Chapman looked me in the eye for a second and then he looked down.

“That all you got, Easy?” John asked me.

“Yeah.”

“Then I got a question,” the bartender said to Kenneth Chapman. “Why didn’t you tell me when Brawly’s father come around here?”

“Brawly’s a man, John,” Chapman replied. “I cain’t be workin’ with him and treatin’ him like a child, too.”

“Do you think Merc left town?” I asked Chapman.

“I don’t know.”

“You still don’t wanna help me after what I told you?”

“What you said is just talk, Easy. And talk is cheap.”


John walked me down to my car after our chat with Chapman.

“What you think about Mercury?” he asked me.

“Once a thief...,” I said.

“What’s that got to do with that group Brawly’s messed up with?”

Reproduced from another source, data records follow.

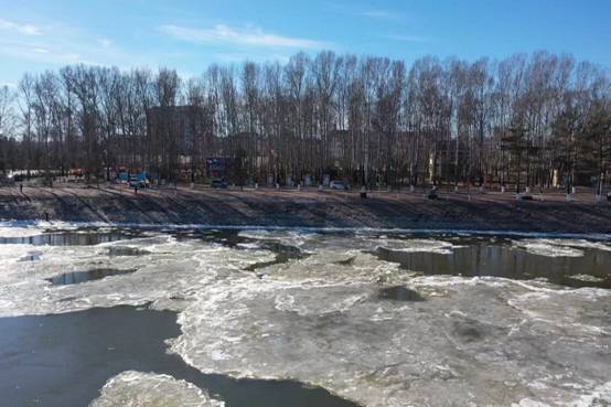 第二次是在10月末11月初開(kāi)始出現(xiàn)冰情,整個(gè)冰封的過(guò)程,從最初江水推著冰絮、冰塊、冰排流動(dòng),大塊大塊的冰塊順江而下,會(huì)發(fā)出咔咔的碰撞聲。隨著氣溫的逐漸降低,冰排會(huì)越凍越大,冰層也會(huì)越積越深,直至整個(gè)江面全面封凍。冬季流冰期與春季流冰期相比,流速相對(duì)緩慢,黑龍江呼瑪段整個(gè)冰凍的過(guò)程會(huì)持續(xù)20余天。今年冬季流冰期與去年相比,時(shí)間持平。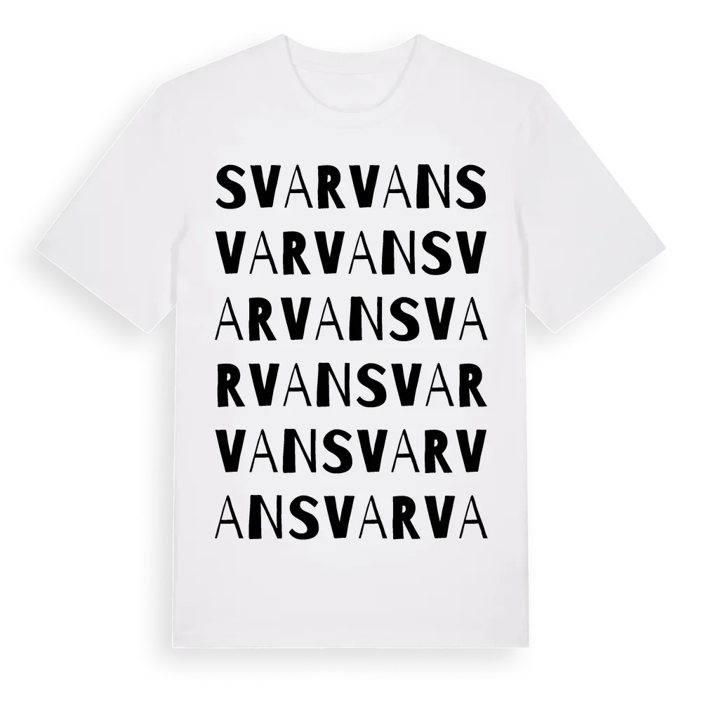 Svarvan ordlek t-shirt är inspirerad av Svarvan i Västra Götalands län, Sverige. Tröjan är designad för dig som har en speciell koppling till platsen – oavsett om du bor här, har rötterna här eller bara älskar Svarvan.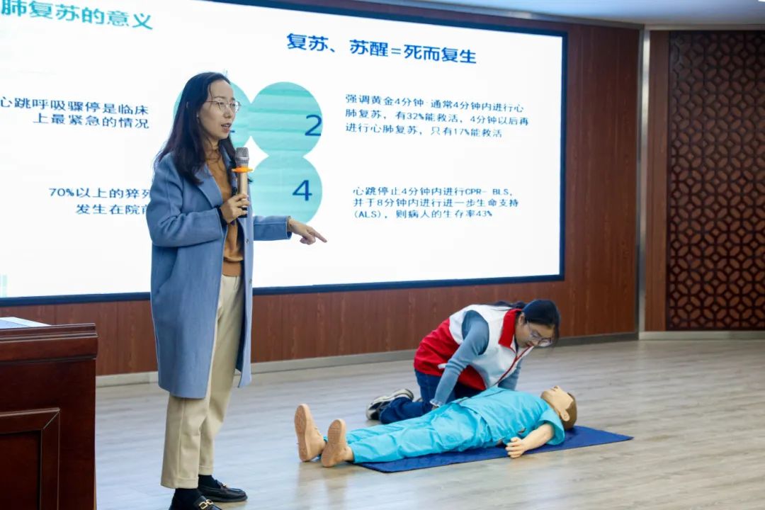 随后进入实操环节,在实际操作培训中,志愿者们将参训老师分成6组采取“小班教学”,每组由两位志愿者进行示范和逐一指导,做到在场的老师人人都能亲自体验,个个都能操作过关。“将患者平放于硬板床或平整地面上,解开衣物。按压部位:两乳头连线中点……”德馨书院志愿者张乐琳正在利用模拟人熟练地进行急救知识、操作方法的现场演示、辅导,通过这种方式,让参训老师学习急救的基本知识,掌握急救的基本技能。
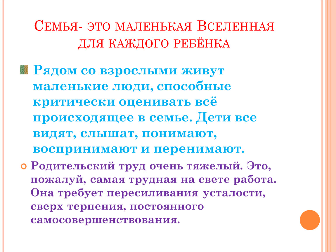 Семья- это маленькая Вселенная для каждого ребёнка

“I don’t know,” I said. “Maybe nothing.”

“What’s that supposed to mean?”

“Maybe I been lookin’ at this whole thing wrong. Maybe you were right from the beginning. Maybe Brawly’s tied up with a bunch’a thugs and thieves.”

“What are they gonna steal?”

“If Mercury’s in it, it’s likely to be a payroll. There any big ones out around here?”

“Manelli,” John said. “They’re big and they pay once a month — in cash.”

“Oh yeah,” I said. “That’s the top of the list. You know when the next payday is?”

John just shook his head and scowled.